The DRG rate is the base rate under New Jersey’s system. A patient’s bill will have other components, and it is these components that the plans challenge as inconsistent with ERISA. Hospitals in New Jersey are required by law to provide treatment for patients who cannot pay their bills. N.J.Admin.Code 8:436-5.2(e). Emergency services for the indigent are required by federal law as well. Thus, one cost of doing business for New Jersey hospitals is the cost of providing “uncompensated care.” In order to pay for this care and to provide financial relief to those hospitals- that provide more than their share of uncompensated care, a state wide charge is added to the DRG, and the resulting revenue is distributed in proportion to the uncompensated care provided by each hospital.

An additional surcharge is designed to compensate hospitals for the losses they incur when treating patients covered by Medicare.
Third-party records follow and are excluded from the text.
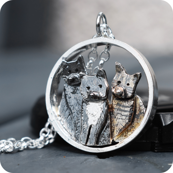 As I polished the finished piece, I found myself thinking about how many evenings these three cats must have spent curled up together, how many purrs, paws, and whiskers had filled David and his wife’s home. To know that I could capture them, side by side, in a necklace that will last forever… that felt very special.
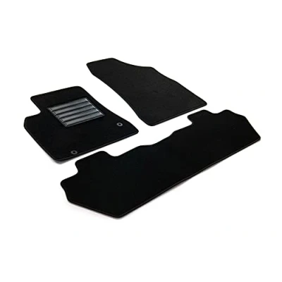 Floor mats perfect fit for Citroen Berlingo 2008 > 11.2018 Set: 2 front mats and 1 rear foot mat; mounting systems: 2 original buttons mounted Black rug, cotton trim with strap, non-slip for the whole circumference of carpets, 100% made in Italy, automotive certificate High-frequency electric welding applied heel protection at areas that are subjected to heavy wear 100% high quality polypropylene, 650 g/m² fibre - 2100 g/m² total weight. Car Mats for Citroen Berlingo 2008>11.2018
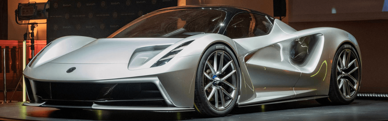 2012: Bahar demitido por má gestão. 2017: Geely compra 51%, Etika 49% – investimento £2 bi. 2018: Feng Qingfeng CEO. 2019: Evija hyper EV, 2.000 cv, 1.680 kg, 0-100 em <3s, 130 unidades £1,7M. Eletre SUV EV anunciado. Mudança: de purista para lifestyle. Produção Hethel expande. Vendas: 1.500/ano.

Hospitals that treat Medicare patients can charge those patients only the amount allotted by the federal Medicare agency for the particular treatment provided. Medicare now provides reimbursement at levels below the DRG rates. To enable New Jersey hospitals to make up for the resulting revenue shortfall, the current New Jersey system allows hospitals to include in their billings to non-Medicare patients an amount necessary to recover the difference between the Medicare rate of payment and the DRG rate.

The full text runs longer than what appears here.